EXERCISE DIRECTIONS
Any images in the material are to be dropped while every line is retyped exactly.

DATASET EXTRACT

* * *

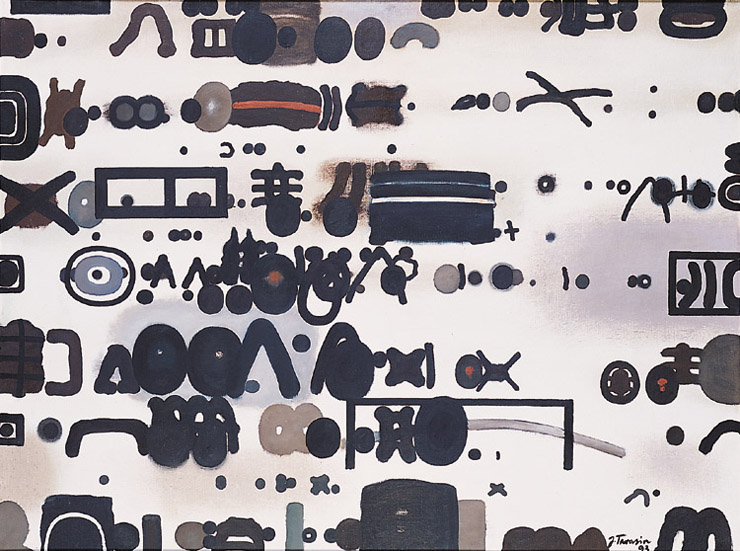 Jan Tarasin (Kalisz 11 IX 1926 - Warszawa 8 VIII 2009) studiował malarstwo w ASP w Krakowie pod kierunkiem prof. Zbigniewa Pronaszki (1946-1951). Jeszcze jako student zadebiutował na I Wystawie Sztuki Nowoczesnej w Krakowie w 1948/49. W połowie lat 50. stworzył cykle litografii: „Nowa Huta i jej mieszkańcy“, 1954, „Dom“, 1955). W pierwszym przeciwstawił się oficjalnemu optymizmowi, w drugim, operując symboliką martwej natury, zawarł treści egzystencjalne i odnoszące do niedawnego dramatu wojny. Po 1956 zaczął malować obrazy niefiguratywne. Układy wyodrębnionych elementów (określanych jako „przedmioty“) umieszczane były przez artystę na płaszczyźnie (cykl „Wnętrze“, 1957) ), lub w aluzyjnej przestrzeni (cykle „Uczta“, 1957, „Brzeg“, 1962-1964, „Przedmioty policzone“, od 1968, „Antykwariat“, 1968). Zasada ta utrzymuje się w jego malarstwie w następnych latach, różnice między okresami twórczości dotyczą sposobu opracowania „przedmiotów“ i ich usytuowania w przestrzeni obrazu lub wobec tła. Od lat 70. „przedmioty“ zmieniają się w graficzne, zwykle czarne znaki na jasnych tłach (cykl „Kolekcja“, od 1971). Tła z kolei bywają iluzyjnie przestrzenne, zróżnicowane walorowo, miękkie. W latach 90. artysta wrócił do kolorystycznego, bardziej malarskiego rozwiązywania zarówno znaków, jak i teł, często ciemnych lub przenikających się z „przedmiotami“ (cykl „Wylęgarnia przedmiotów“, 1992). Tarasin od 1962 jest członkiem „Grupy Krakowskiej“. W 1963-67 uczył na Wydziale Architektury Wnętrz krakowskiej ASP. W 1967 przeniósł się do Warszawy, w 1974 podjął pracę pedagogiczną na Wydziale Malarstwa ASP w Warszawie. W 1987-90 był rektorem tej uczelni. W 1976 otrzymał Nagrodę Krytyki Artystycznej im. Cypriana Kamila Norwida, w 1984 Nagrodę im. Jana Cybisa.; Nagroda na MB Sztuki w San Marino 1965. Równolegle z malarstwem zajmował się rysunkiem i grafiką - do lat 60. litografią, od 1974 serigrafią. W 1974-1981 wydał 8 autorskich „Zeszytów“ z serigrafiami i własnymi tekstami. W 1995 w Galerii Zachęta odbyła się wystawa artysty, której towarzyszył monograficzny katalog.
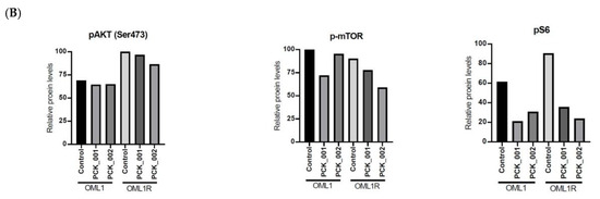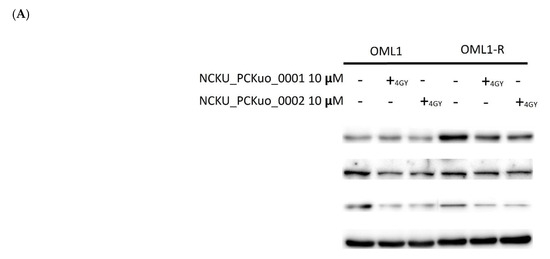To confirm the radioresistant phenotype of the OML1-R cell line, we determined the plating efficiency of the parental OML1 cells and the radioresistant OML-1R subline cells that were cultured after high-dose fractionated IR exposure (4 Gy) and then examined them using the clonogenic survival assay. Next, we determined that NCKU_PCKuo_0001 and NCKU_PCKuo_0002 at 10 μM in combination with IR dramatically inhibited the proliferation of OML1 and OML1-R cells. We also analyzed the expression profiles of AKT/mTOR signaling pathway-related proteins; pAKT (Ser 473) and p-S6 showed decreased expression levels in OML1-R cells (Figure 3). Thus, our findings suggest that the PI3K/AKT/mTOR signaling pathway is actively involved in OSCC radioresistance.
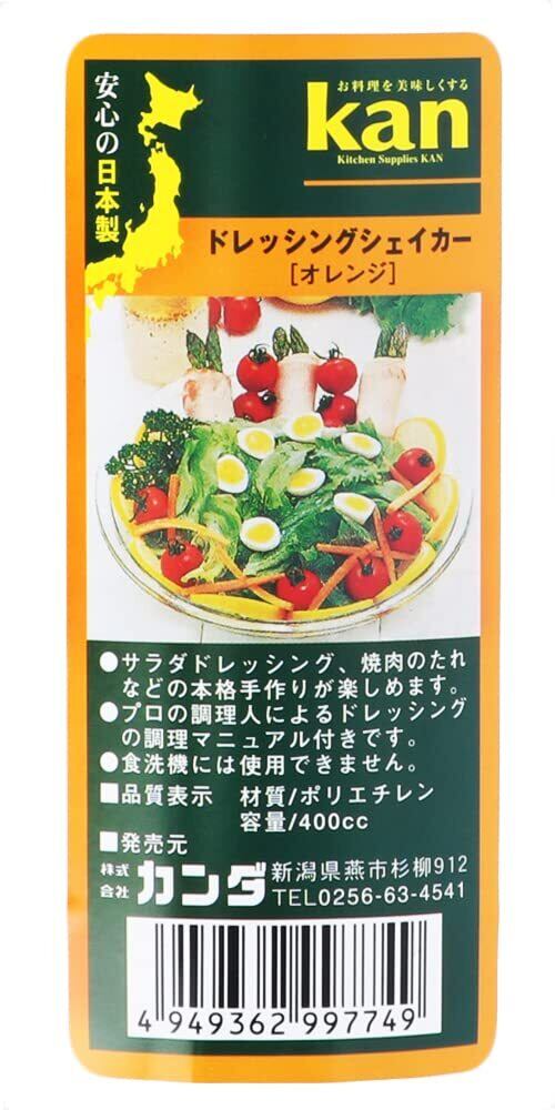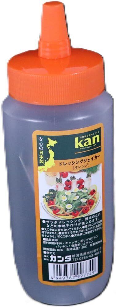 カンダ(kanda) kan ドレッシングシェイカー ポリプロピレン製 400cc 日本製 燕三条 保存容器 ケチャップ マヨネーズ オレンジ 362033
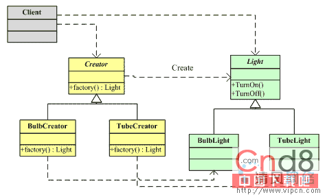 具体工厂(Concrete Creator)角色:这是实现抽象工厂接口的具体工厂类,包含与应用程序密切相关的逻辑,并且受到应用程序调用以创建产品对象。在上图中有两个这样的角色:BulbCreator与TubeCreator。

* * *

ANSWER BOX
 Jan Tarasin (Kalisz 11 IX 1926 - Warszawa 8 VIII 2009) studiował malarstwo w ASP w Krakowie pod kierunkiem prof. Zbigniewa Pronaszki (1946-1951). Jeszcze jako student zadebiutował na I Wystawie Sztuki Nowoczesnej w Krakowie w 1948/49. W połowie lat 50. stworzył cykle litografii: „Nowa Huta i jej mieszkańcy“, 1954, „Dom“, 1955). W pierwszym przeciwstawił się oficjalnemu optymizmowi, w drugim, operując symboliką martwej natury, zawarł treści egzystencjalne i odnoszące do niedawnego dramatu wojny. Po 1956 zaczął malować obrazy niefiguratywne. Układy wyodrębnionych elementów (określanych jako „przedmioty“) umieszczane były przez artystę na płaszczyźnie (cykl „Wnętrze“, 1957) ), lub w aluzyjnej przestrzeni (cykle „Uczta“, 1957, „Brzeg“, 1962-1964, „Przedmioty policzone“, od 1968, „Antykwariat“, 1968). Zasada ta utrzymuje się w jego malarstwie w następnych latach, różnice między okresami twórczości dotyczą sposobu opracowania „przedmiotów“ i ich usytuowania w przestrzeni obrazu lub wobec tła. Od lat 70. „przedmioty“ zmieniają się w graficzne, zwykle czarne znaki na jasnych tłach (cykl „Kolekcja“, od 1971). Tła z kolei bywają iluzyjnie przestrzenne, zróżnicowane walorowo, miękkie. W latach 90. artysta wrócił do kolorystycznego, bardziej malarskiego rozwiązywania zarówno znaków, jak i teł, często ciemnych lub przenikających się z „przedmiotami“ (cykl „Wylęgarnia przedmiotów“, 1992). Tarasin od 1962 jest członkiem „Grupy Krakowskiej“. W 1963-67 uczył na Wydziale Architektury Wnętrz krakowskiej ASP. W 1967 przeniósł się do Warszawy, w 1974 podjął pracę pedagogiczną na Wydziale Malarstwa ASP w Warszawie. W 1987-90 był rektorem tej uczelni. W 1976 otrzymał Nagrodę Krytyki Artystycznej im. Cypriana Kamila Norwida, w 1984 Nagrodę im. Jana Cybisa.; Nagroda na MB Sztuki w San Marino 1965. Równolegle z malarstwem zajmował się rysunkiem i grafiką - do lat 60. litografią, od 1974 serigrafią. W 1974-1981 wydał 8 autorskich „Zeszytów“ z serigrafiami i własnymi tekstami. W 1995 w Galerii Zachęta odbyła się wystawa artysty, której towarzyszył monograficzny katalog.
To confirm the radioresistant phenotype of the OML1-R cell line, we determined the plating efficiency of the parental OML1 cells and the radioresistant OML-1R subline cells that were cultured after high-dose fractionated IR exposure (4 Gy) and then examined them using the clonogenic survival assay. Next, we determined that NCKU_PCKuo_0001 and NCKU_PCKuo_0002 at 10 μM in combination with IR dramatically inhibited the proliferation of OML1 and OML1-R cells. We also analyzed the expression profiles of AKT/mTOR signaling pathway-related proteins; pAKT (Ser 473) and p-S6 showed decreased expression levels in OML1-R cells (Figure 3). Thus, our findings suggest that the PI3K/AKT/mTOR signaling pathway is actively involved in OSCC radioresistance.
 カンダ(kanda) kan ドレッシングシェイカー ポリプロピレン製 400cc 日本製 燕三条 保存容器 ケチャップ マヨネーズ オレンジ 362033
 具体工厂(Concrete Creator)角色:这是实现抽象工厂接口的具体工厂类,包含与应用程序密切相关的逻辑,并且受到应用程序调用以创建产品对象。在上图中有两个这样的角色:BulbCreator与TubeCreator。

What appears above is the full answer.